Her eyes widened, but he saw no sympathy in them. Again, he didn’t expect there to be. Reilly rubbed the back of his neck, looking anywhere but at her face. An awkward pause filled in the shadowed spaces between them. He figured the best thing he could do was leave it at that. But he couldn’t. He caught his lower lip between his teeth and glanced up at her from beneath his lashes, still wanting to say something—something that wasn’t so damned volatile. But there were no words that could make up for the bad blood between them.

He followed her to a door at the end of the hall where she stopped. The horse-dog waited at her feet, watching him with a cold and steady look.


Gracie.” He reached out as he said her name, but the dog advanced with lightning speed and a low growl. Reilly took a hasty step back.


Juliet,” Gracie reprimanded in a harsh whisper. “No. Friend. Friend.”

She stepped forward and wrapped her arms around Reilly’s middle in another of the meaningless hugs she’d given him earlier. The warmth of her body came through the light embrace and toyed with his overwrought senses. Her hair smelled of coconut, her skin of something sweet and seductive, a scent he knew he’d be thinking of long after she left. The tension in her body seemed to travel like a current to his and he wanted to wrap his arms around her and hold her tight against him. She pulled back, looking at him with a mixture of hurt, anger and mystified yearning that he understood all too well.

She let go and went into her room without a word. The horse-dog shot him another dirty look before following. Reilly remained where he was, staring at the painted door as it closed in his face.

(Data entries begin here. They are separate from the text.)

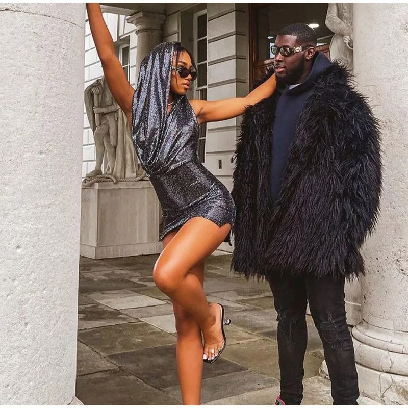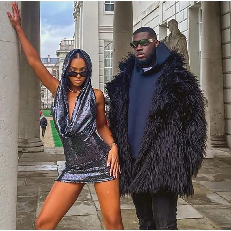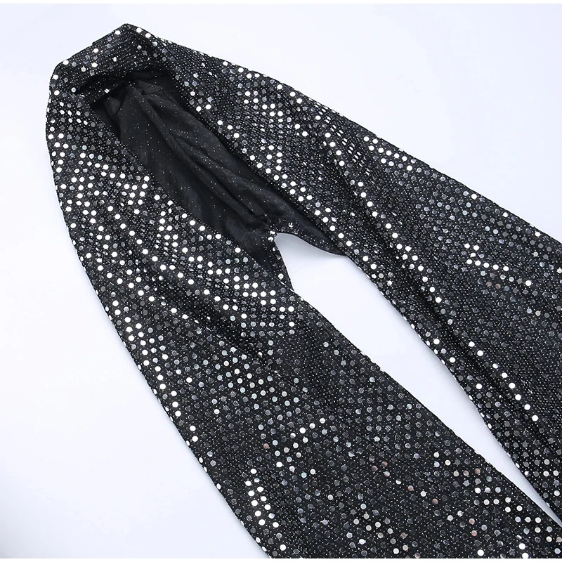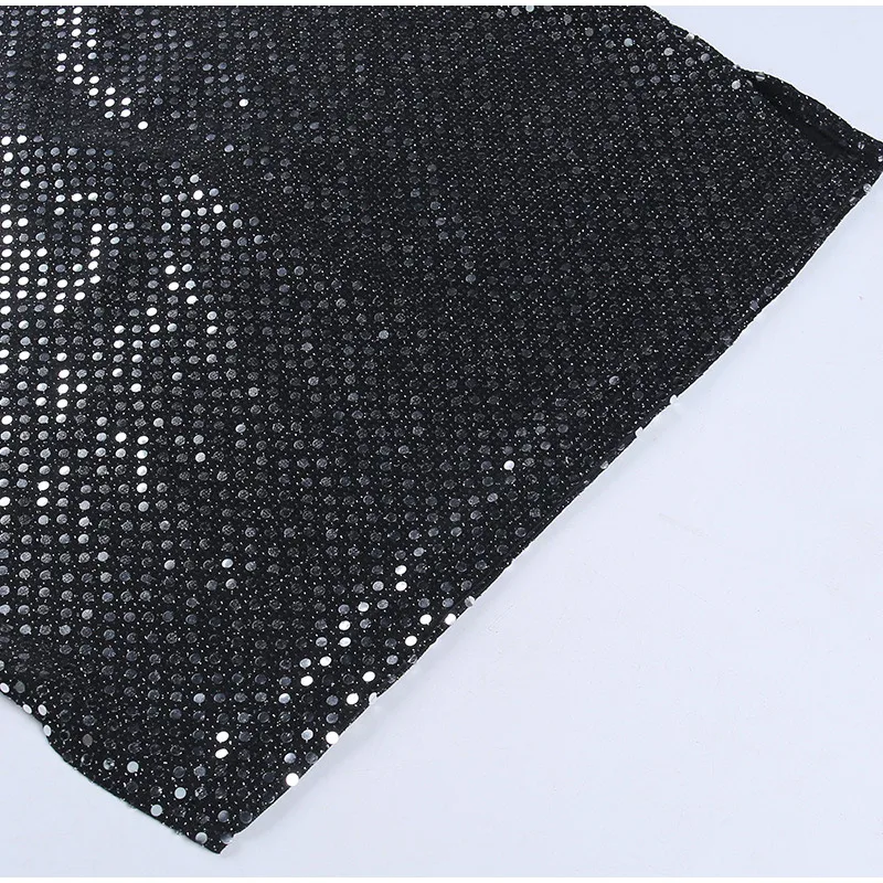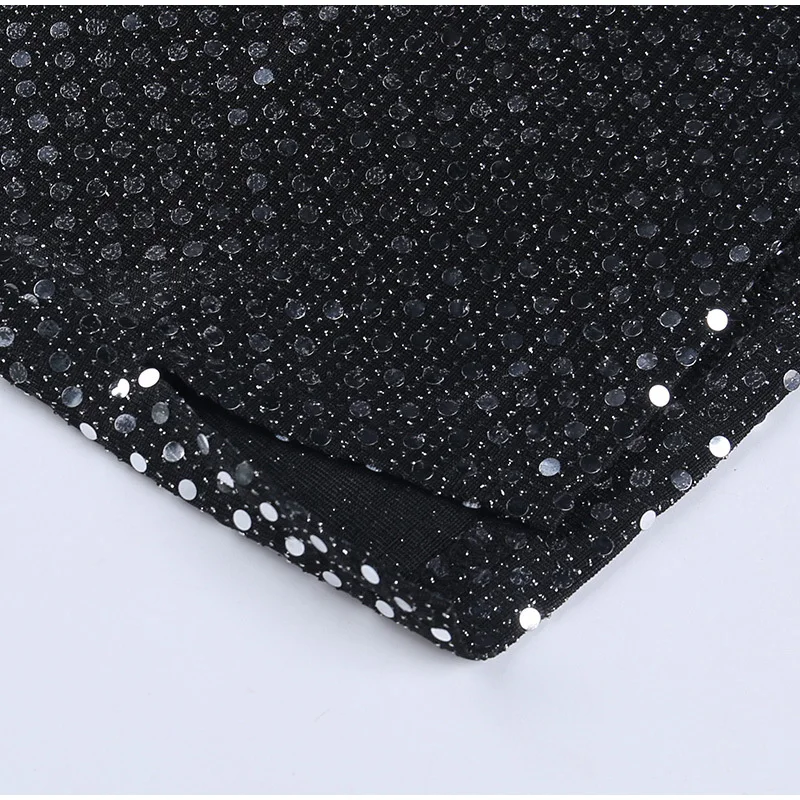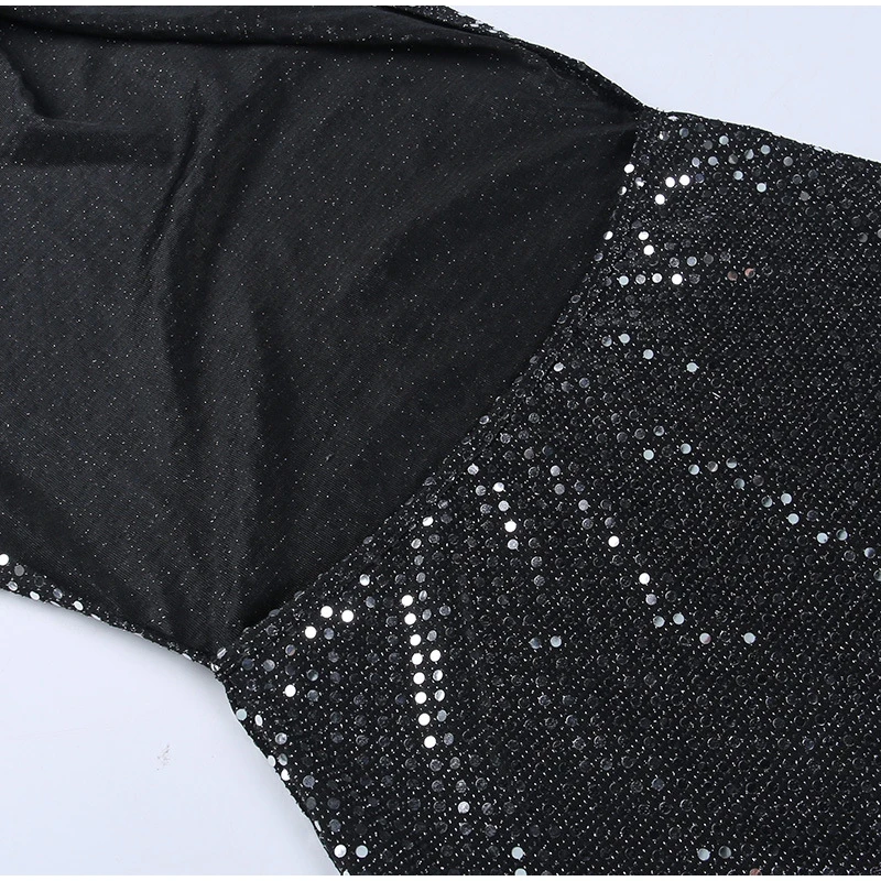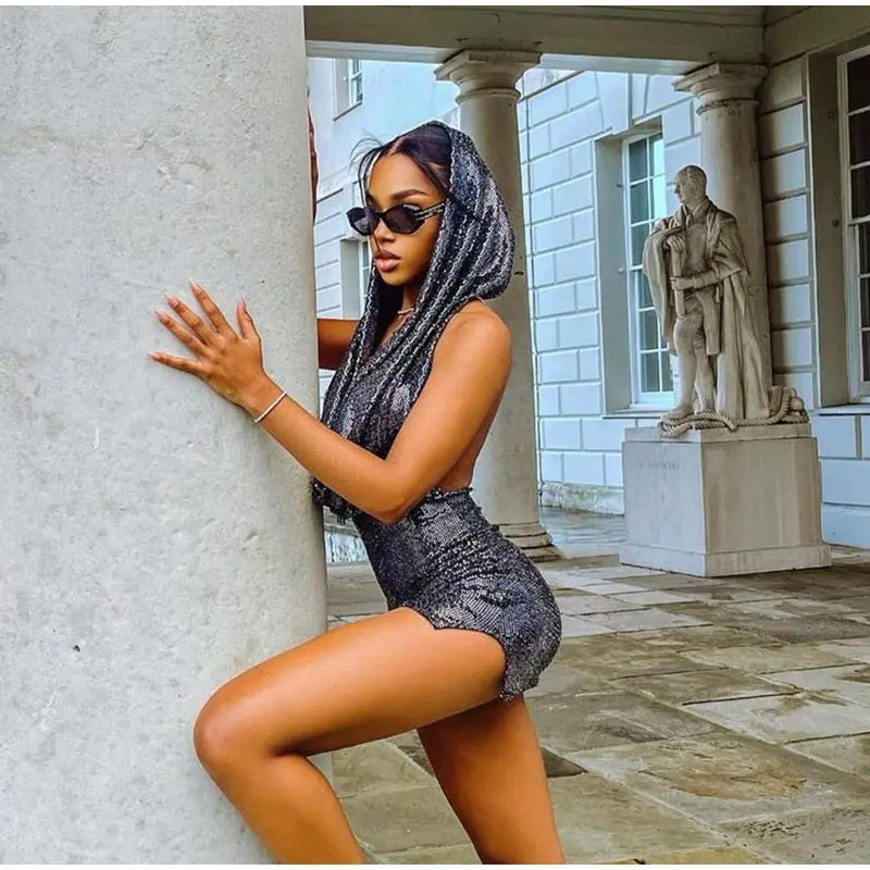 Yipinpay Sequin Hooded Backless Halter Dress For Women Fashion Solid Sleeveless Slit Mini Dresses 2023 High Street Swing Collar Robe
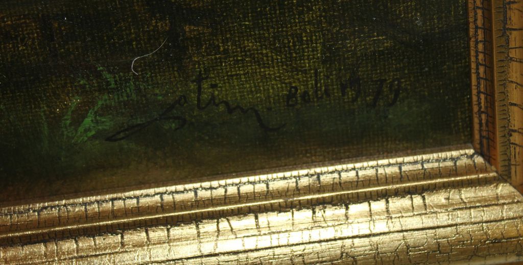 2392 Oil on Canvas of Villagers Entering Estate, signed L. Tim Boli 1979
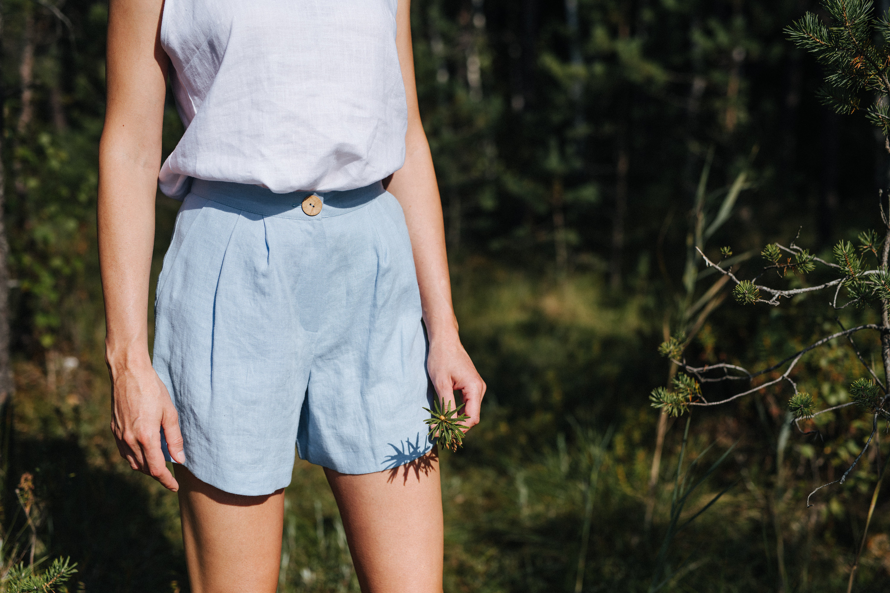 "Abu Dhabi shorts, High waisted shorts, Women linen shorts, Women summer shorts, Blue linen sho...
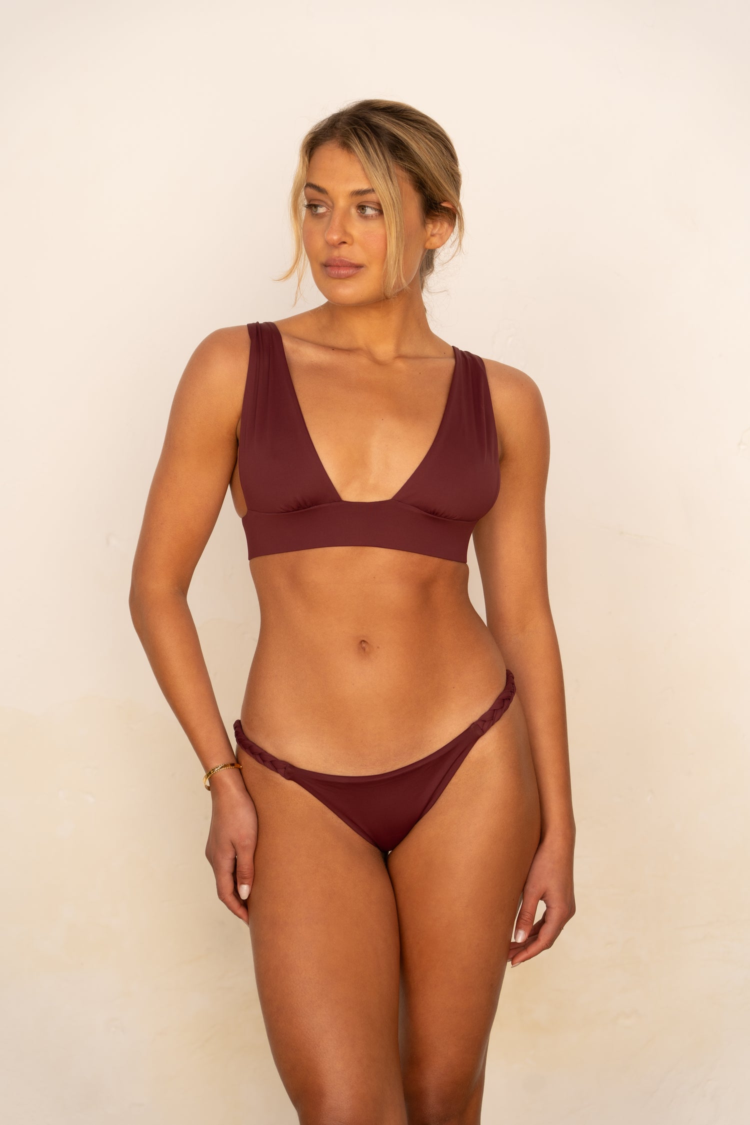 Haut à bandes larges, décolleté profond, fermé par des bretelles délicatement tressées dans le dos. La fermeture en noeud dans le dos permet un ajustement personnalisé à toute morphologie. Le modèle est doublé dans la même matière, assurant opacité, confort et longévité à votre maillot de bain.

Christ,” he muttered in the darkness. He should just cut his losses and get the hell out of Dodge now, before he dug himself any deeper. But he wouldn’t. That much he knew for certain.

 

***

 

GRANDMA Beck’s inner sanctum was one Gracie had rarely breached in the seventeen years of living here. Carolina Beck had been an intensely private woman, known by all, yet truly known by none, least of all her granddaughter. As Gracie closed and locked the door, she couldn’t help feeling like a trespasser. The room was freezing cold and after the sweltering heat of downstairs it brought gooseflesh to her arms and shivers through her body. She looked around for the vent, thinking this explained why the rest of the house hadn’t cooled. Obviously, all of the air dropped into this room and went no farther. Maybe if she closed the vent a little, it would force the cool air to the rest of the house. But the outlet had to be behind one of the heavy pieces of furniture, because she couldn’t find it anywhere else.

Frowning, she gave up her search. Trying to keep her mind blank, she stripped and remade the bed, pausing for a moment with the old sheets in her hands. They smelled of Avon’s Skin So Soft lotion, which her grandmother had used since the beginning of time. The scent pulled her back to when she was young and Grandma Beck had held her and loved her. Tears blurred her eyes as she dumped the sheets in the laundry basket.